By Richard Lacayo, Elizabeth L. Bland, Lina Lofaro, Sora Song And Rebecca Winters

DIED. IDI AMIN, 80, utterly ruthless former dictator of Uganda; in Saudi Arabia, where he lived a life of luxury in exile with one of several wives and 22 of his children. During an eight-year reign that plunged a prosperous nation into desperate poverty, the onetime military boxing champ used slaughter as a form of statecraft. The son of a peasant farmer and a mother who practiced sorcery, the nearly illiterate Amin joined the British colonial army in 1946. Nine years after Uganda achieved independence in 1962, he led a successful coup, then embarked on murderous campaigns against political opponents and rival ethnic groups that left as many as 500,000 dead. He also expelled tens of thousands of Asian traders, depriving Uganda of much of its business class. Amin was ousted at last in April 1979, after Tanzanian troops, responding to a Ugandan invasion, entered the capital, Kampala, and forced him to flee. --By Richard Lacayo

DIED. GREGORY HINES, 57, modernizer of the ancient art of tap dancing; in Los Angeles. Like Sammy Davis Jr., he was a kid in a family song-and-dance act--Hines, Hines & Dad--and went on to star in a multitude of media: as singer (combining for duets with Luther Vandross), as movie star (swapping moves with Mikhail Baryshnikov in White Nights, cracking wise with Billy Crystal in Running Scared), as TV actor (playing '30s tap master Bill Robinson in Bojangles) and as Tony-winning Broadway headliner (in Jelly's Last Jam). His greatest gift, however, was in his feet, which hit the amplified floor like Chinese firecrackers, broke from standard 4/4 time into daring sprung rhythms and inspired Savion Glover and the new breed of hip-hop tappers.

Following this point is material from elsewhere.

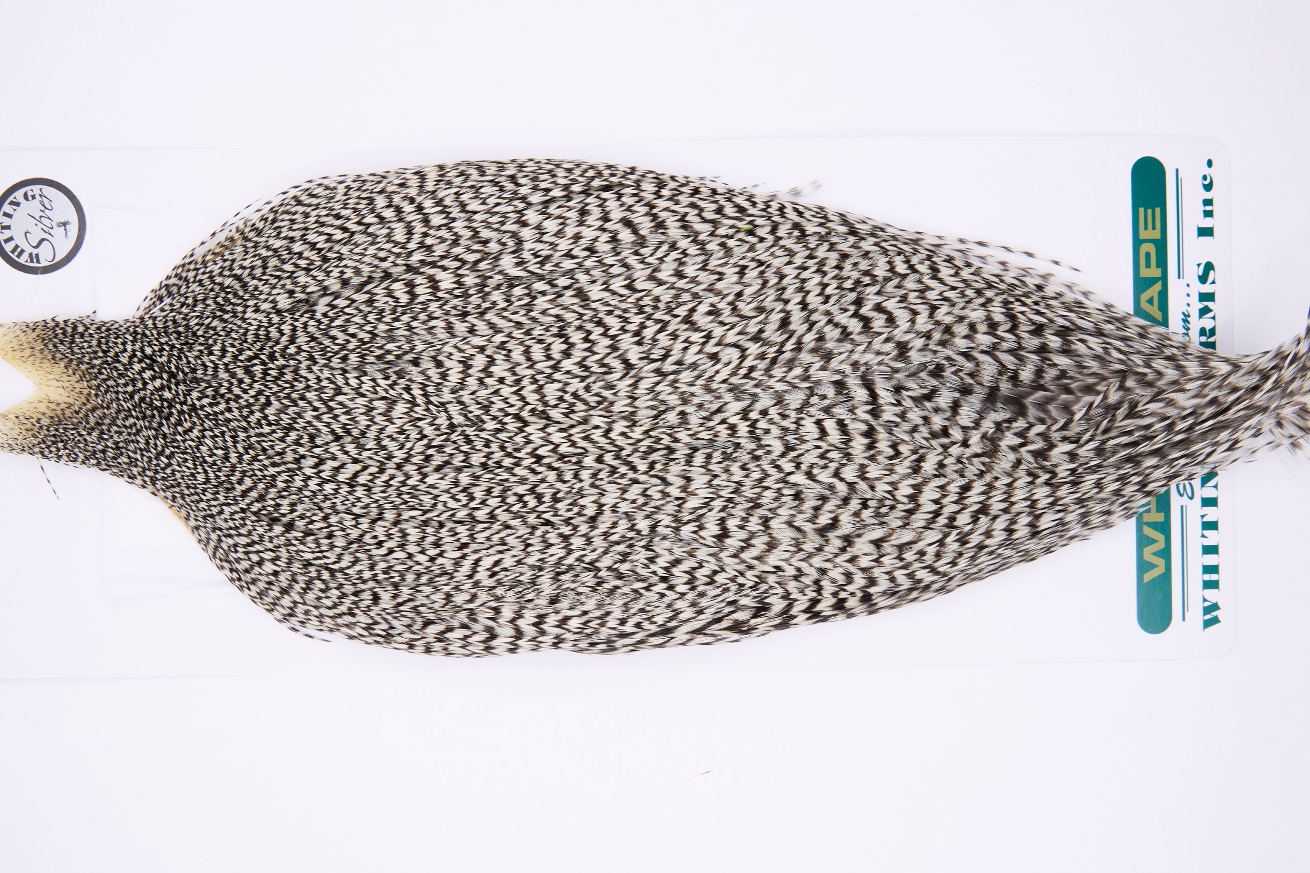 11743 is a Hebert Minor Silver Grade Rooster Cape of Grizzly color that ties predominately size 6-22. The image shown is an actual photo of this dry fly cape. This is NEW UNUSED HACKLE.

DIED. HERB BROOKS, 66, who coached the most famous U.S. ice-hockey victory, the Miracle on Ice, at the 1980 Lake Placid, N.Y., Winter Olympics; in an auto accident, near Forest Lake, Minn. A hockey obsessive known for his strategic imagination and nose-to-nose motivation, he adapted Team U.S.A.'s training and tactics to the wide-open European-style game and convinced his team of amateurs that they were destined to beat the hockey powerhouse that was then the Soviet national team. They did, 4-3, in a game that instantly became famous. They next beat Finland to win the gold medal. He went on to coach four NHL teams, including the New York Rangers and Pittsburgh Penguins, and returned to the Olympics last year to coach Team U.S.A. to a silver medal.

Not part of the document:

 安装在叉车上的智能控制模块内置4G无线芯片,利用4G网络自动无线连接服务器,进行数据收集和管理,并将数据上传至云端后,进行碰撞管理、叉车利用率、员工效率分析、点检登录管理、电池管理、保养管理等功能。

DIED. LADY DIANA MOSLEY, 93, most scandalous and, some thought, most beautiful of the six famous Mitford sisters; in Paris. She left her first husband, heir to the Guinness brewing fortune, to run away with Sir Oswald Mosley, the widely hated head of Britain's fascist party. After spending some of the war years in a London prison, she and her husband moved to Paris, where she continued to dazzle her frequent guests and write rigorous book reviews. Of Hitler, she said, in 2000, "I was fond of him. Very, very fond."